James Makokis and Anthony Johnson's red skirts flapped and bounced as they ran up the stairs of the Old Strathcona Antique Mall in Tuesday's episode of Amazing Race Canada.
The skirts are a detail that some viewers may have missed, but the couple had special reasons for wearing the outfit in the Edmonton-based episode.
Before they even started the race across Canada, the couple decided to address important issues through their clothing on the show.
"Signing up for the Amazing Race [Canada], the only reason we did it is to represent Indigenous people but to also talk about some of the issues that all humans need to be talking about," said Johnson on Wednesday.
Johnson and Makokis make up one of 10 teams competing in the latest season of the reality TV competition.
In the three episodes that have aired, the couple have worn clothing with an underlying message in each episode.
The red skirts with rainbow ribbons, handmade by Johnson, were worn on the third leg of the race to represent missing and murdered Indigenous women and girls, as well as to represent transgender and two-spirit people, the team said.
The red skirts were inspired by the work of artist Jaime Black and The REDress Project, described by Black as an "esthetic response to the more than 1,000 missing and murdered Aboriginal women in Canada."
In case viewers missed the signficance of the red skirts, Johnson wore a bandana that says "MMIW."
The rainbow ribbons sewn onto the flowy skirts were included to pay homage to transgender and two-spirit people.
Both Makokis and Johnson identify as two-spirit, a term that describes gender and sexual diversity in Indigenous communities.
It's also important for Makokis, who helps many patients through gender transitioning as a family physician, that transgender and two-spirit individuals are recognized nationally on the team's clothing.
'Water is life'
In the second episode, Makokis and Johnson wore blue T-shirts that said: "Water is life."
"For us, coming from an Indigenous perspective, water is something we talk about on a regular basis. It's part of our ceremonial culture, it's part of our spiritual ethos, it's part of our philosophical basis for law," Johnson said.

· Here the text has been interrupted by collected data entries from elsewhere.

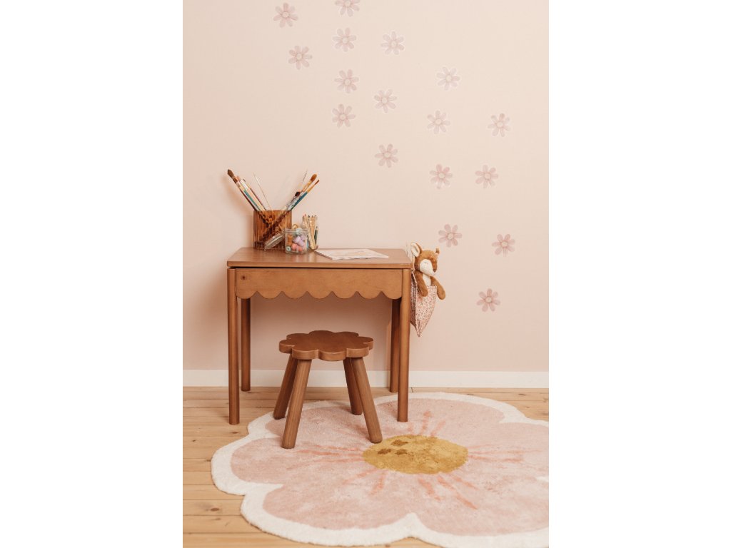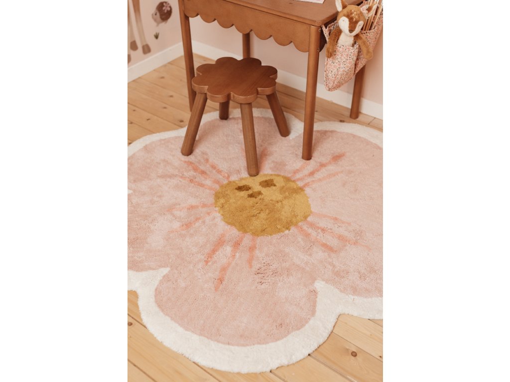 Vytvorte v detskej izbe útulnú atmosféru s koberčekom od značky Little Dutch! Koberec v tvare kvety má jemný béžový okraj s ružovými lístkami a okrovo žltým stredom.Jeho nežný dizajn vnesie do miestnosti príjemnú a útulnú náladu a vášmu dieťaťu sa na ňom bude krásne sedieť a hrať sa.
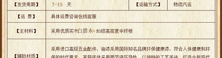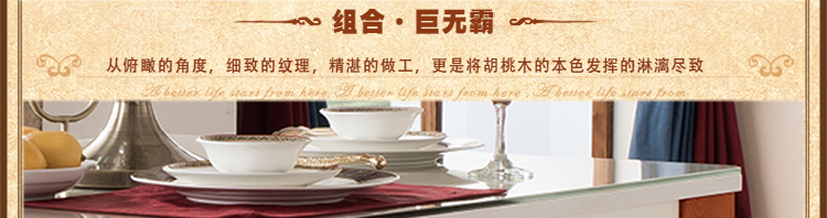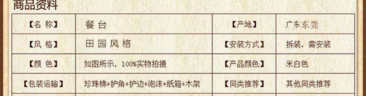 外围尺寸: M8201 餐台: 1400*850*750; M8222 餐柜: 1600*450*960; M8223 上架: 1530*315*995; Z7 餐椅: 450*480*910;
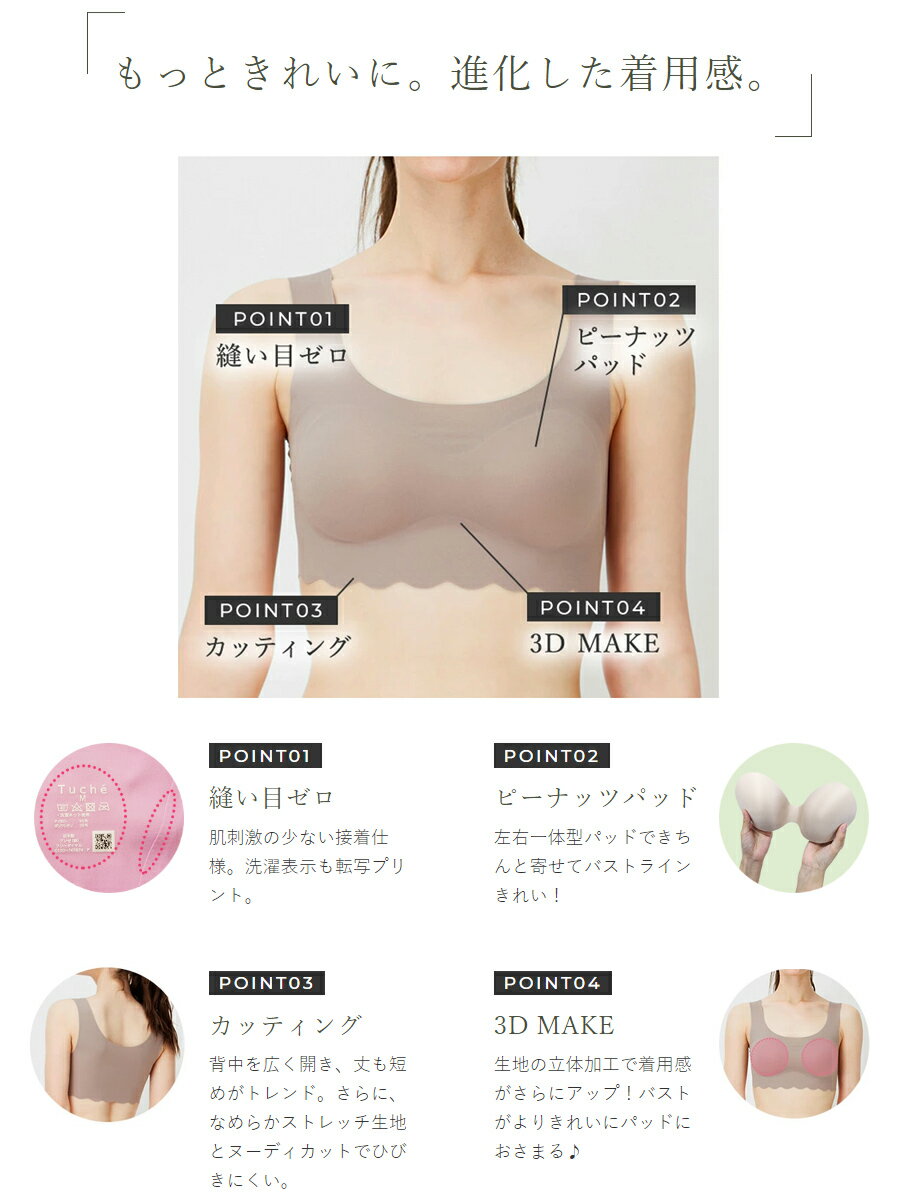 【期間限定 ポイント10倍】【ゆうパケット送料無料】 GUNZE Tuche 縫い目ゼロ ハーフトップ 【日本製】 グンゼ トゥシェ 縫い目なし カットオフ 洗濯タグなし ピーナッツパッド ホックなし パッド取り外し 01-TB2555
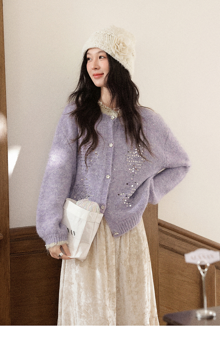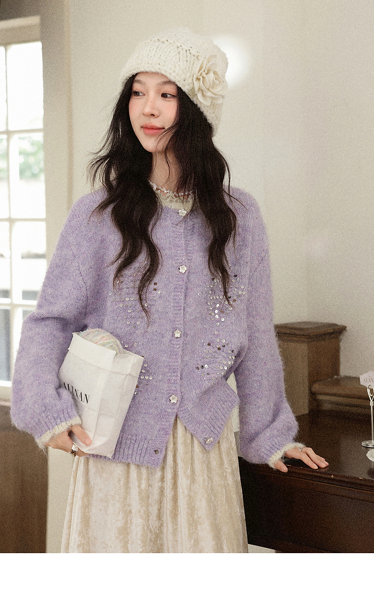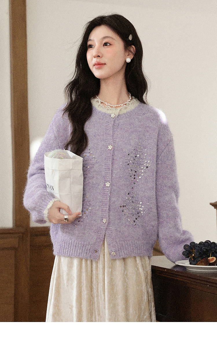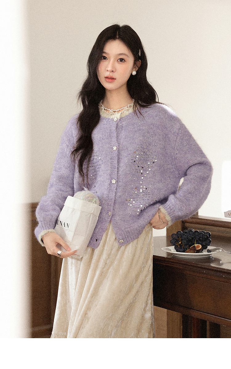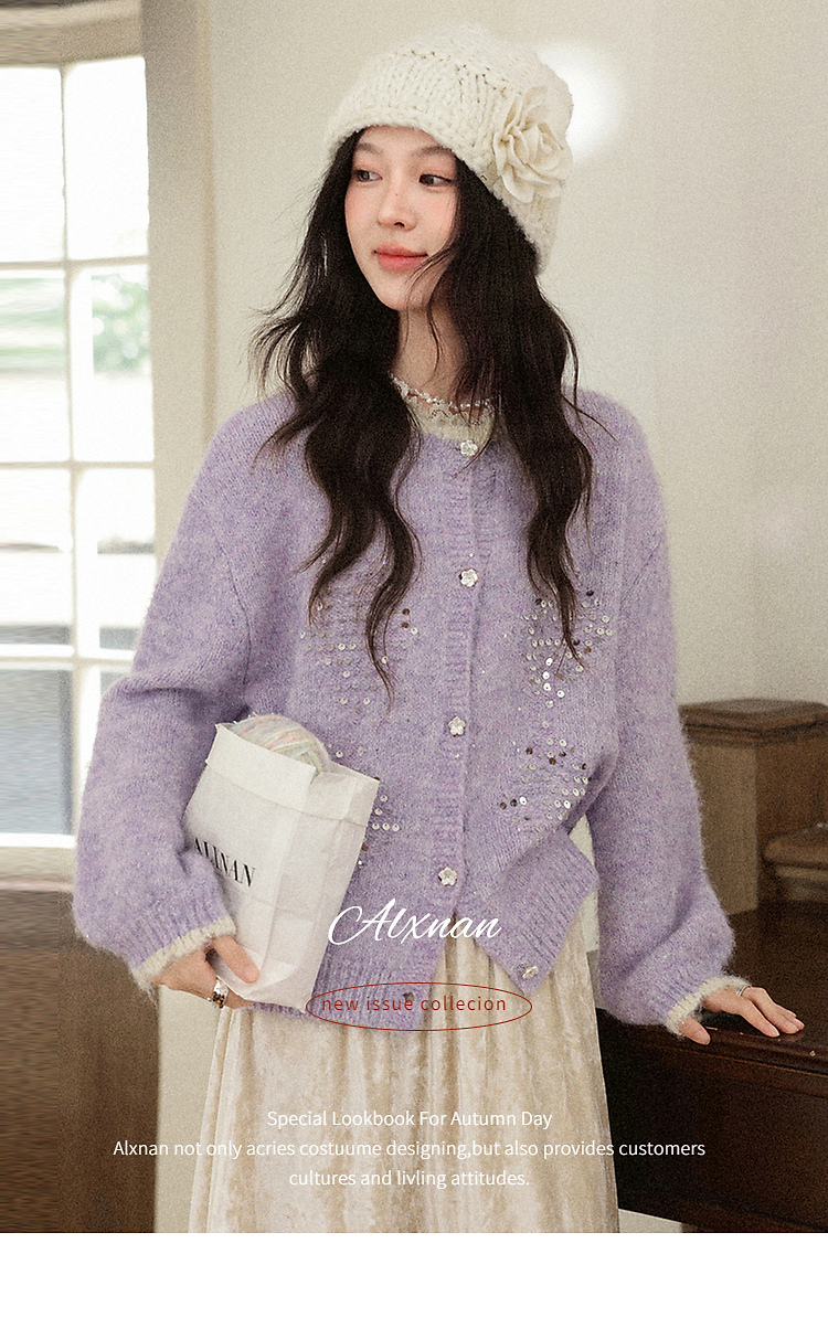 鹿向南「木槿」氛围感亮片紫色针织毛衣显瘦减龄开衫上衣女秋冬季

"It's so important to many Indigenous communities looking to protect their territories," Makokis added.
'Don't give up'
The couple's team name, Team Ahkameyimok — a word from the Plains Cree language that means "keep going" or "don't give up" — speaks to their strategy in the game, Makokis said.
The couple has high hopes of winning the grand prize: a trip around the world, $250,000 and two vehicles.
When viewers see the show, I hope that they see this show and see what we're wearing, they don't think it's a gimmick, because it's not. - Anthony Johnson, Amazing Race Canada competitor
It's still early in the competition but the team plans to keep on sharing messages on their clothing until they are eliminated or win.
"Coming onto a national television show, to not represent where I am from and highlight the issues important to me is almost like an alien concept," Johnston said.
Their passion has already influenced others, including staff at the Old Strathcona Antique Mall.
The business, which was featured in Tuesday's episode, plans to bring the competitors back to the store to speak to their staff about LGBTQ topics.
"The big part of what they do is work with the two-spirit community and we have a connection with that as well, since my sister is two-spirit, some of our staff are and so are some of our vendors," said co-owner Bobbi Weibel.
The business will soon sell T-shirts as part of Team Ahkameyimok's fundraiser to build a cultural healing centre in Kehewin Cree Nation north of Edmonton.
The couple both work in Kehewin, Makokis as a doctor and Johnson as a project co-ordinator, so the project has a special meaning to them.
The pair hope they can inspire people to donate to their cause but also want to motivate people to care about important issues.
"I hope that when they see this show and see what we're wearing, they don't think it's a gimmick, because it's not. It's reality television but for me, it's about bringing reality to reality television," said Johnson.
"When we're wearing a skirt ... when we're representing rainbows, it's not about being ostentatious or outlandish. It's about bringing awareness and perspective in a national platform to people in their living rooms."